Le développement des huîtres
La surface des coquilles d’huîtres présente des stries caractéristiques, visibles à l’œil nu. Ces marques témoignent des cycles de croissance du mollusque, enregistrant les fluctuations environnementales. Plus une coquille comporte de stries, plus l’huître est âgée. Ces marques sont aussi un instrument pour suivre l’évolution de la population d’huîtres, qui représentent un indicateur précieux de la qualité de l’eau. La présence d’huîtres en bonne santé permet ainsi aux scientifiques de surveiller en temps quasi réel la santé de leur milieu marin.
Les huîtres de synthèse
Une variété d’huîtres artificielles, désignées comme huîtres triploïdes, a été développée. Ces mollusques, produits en élevage depuis les années 1990 dans le but de créer des individus stériles, ont une composition chromosomique différente, variant de deux à trois groupes. Leur croissance est accélérée, et ils ne produisent pas de lait lors de la reproduction, ce qui facilite leur consommation à tout moment.

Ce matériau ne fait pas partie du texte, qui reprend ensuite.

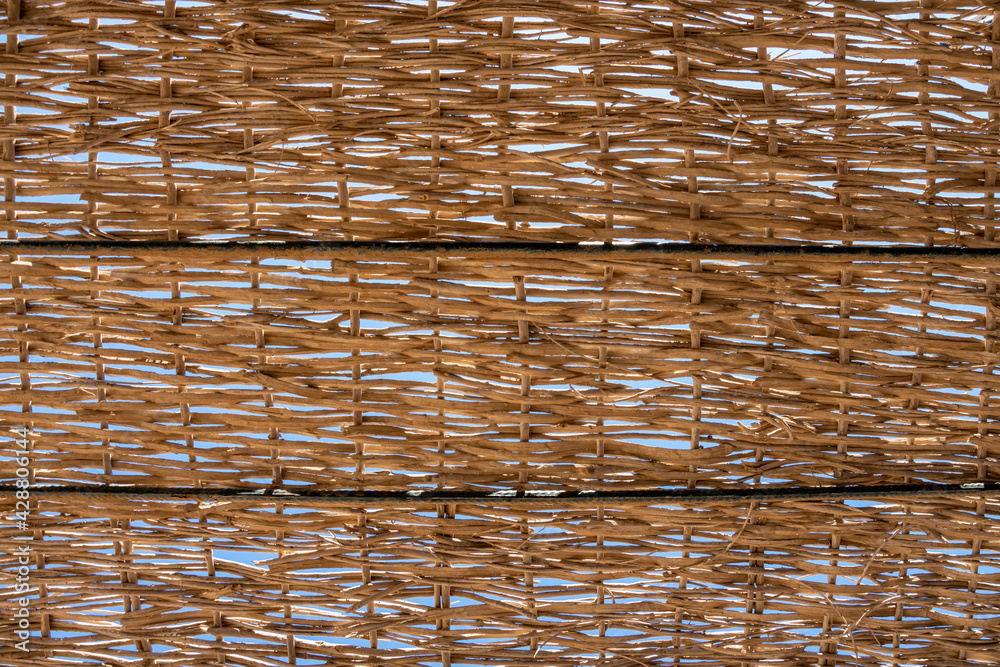 A fragment of a wicker wooden canopy from the sun made of branches, a beach umbrella for vacationers at a seaside resort.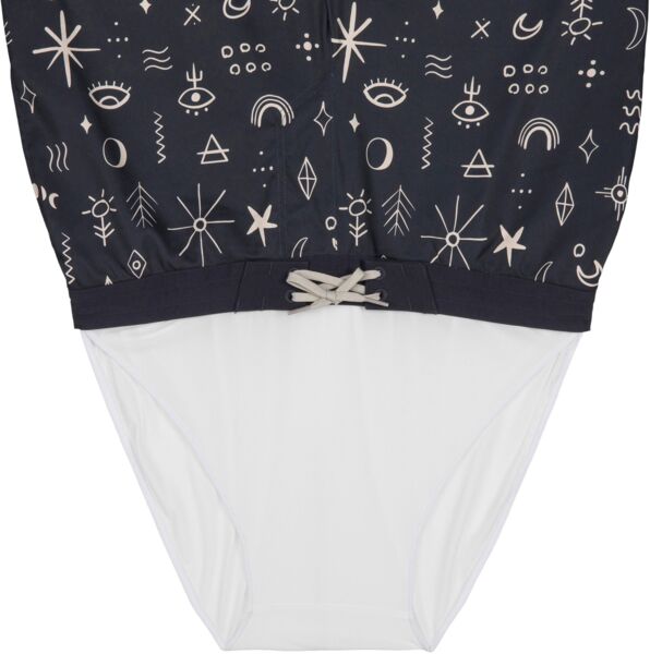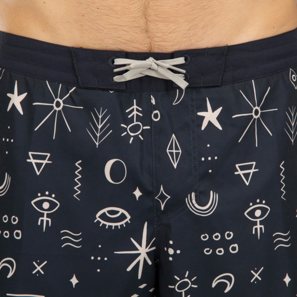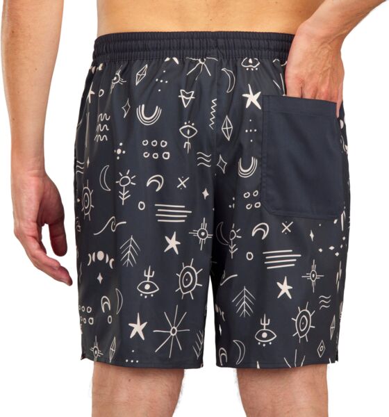 Имеют полуэластичный пояс со шнурком для надежной фиксации, удобны в посадке благодаря анатомическому дизайну. Вшитые сетчатые трусы из переработанного полиэстера обеспечивают гигиену и комфорт, уменьшая риск натирания. Материал быстро сохнет, а боковые карманы оснащены сетчатой подкладкой для дренажа воды и песка.

Leur introduction dans le marché, validée par la réglementation française vers 2000, a suscité la controverse. Certains observateurs estiment que ces huîtres modifiées ont tendance à envahir les milieux naturels, bouleversant ainsi l’équilibre écologique. Par ailleurs, la question de l’éthique se pose, notamment parce qu’elles ne sont pas considérées comme OGM, mais comme organismes vivants modifiés, ce qui évite l’obligation d’étiquetage.
Les méthodes d’élevage de ces huîtres sont coûteuses et complexes, et leur dépendance aux écloseries limite la capacité des ostréiculteurs à reproduire leurs propres spécimens naturels. En 2014, la moitié de la production française d’huîtres provenait de ces élevages de huîtres triploïdes. Certaines associations d’ostréiculteurs valorisent leur savoir-faire en proposant un label « Ostréiculteur traditionnel », garantissant que leurs huîtres proviennent de la mer, pour préserver la transparence et la tradition.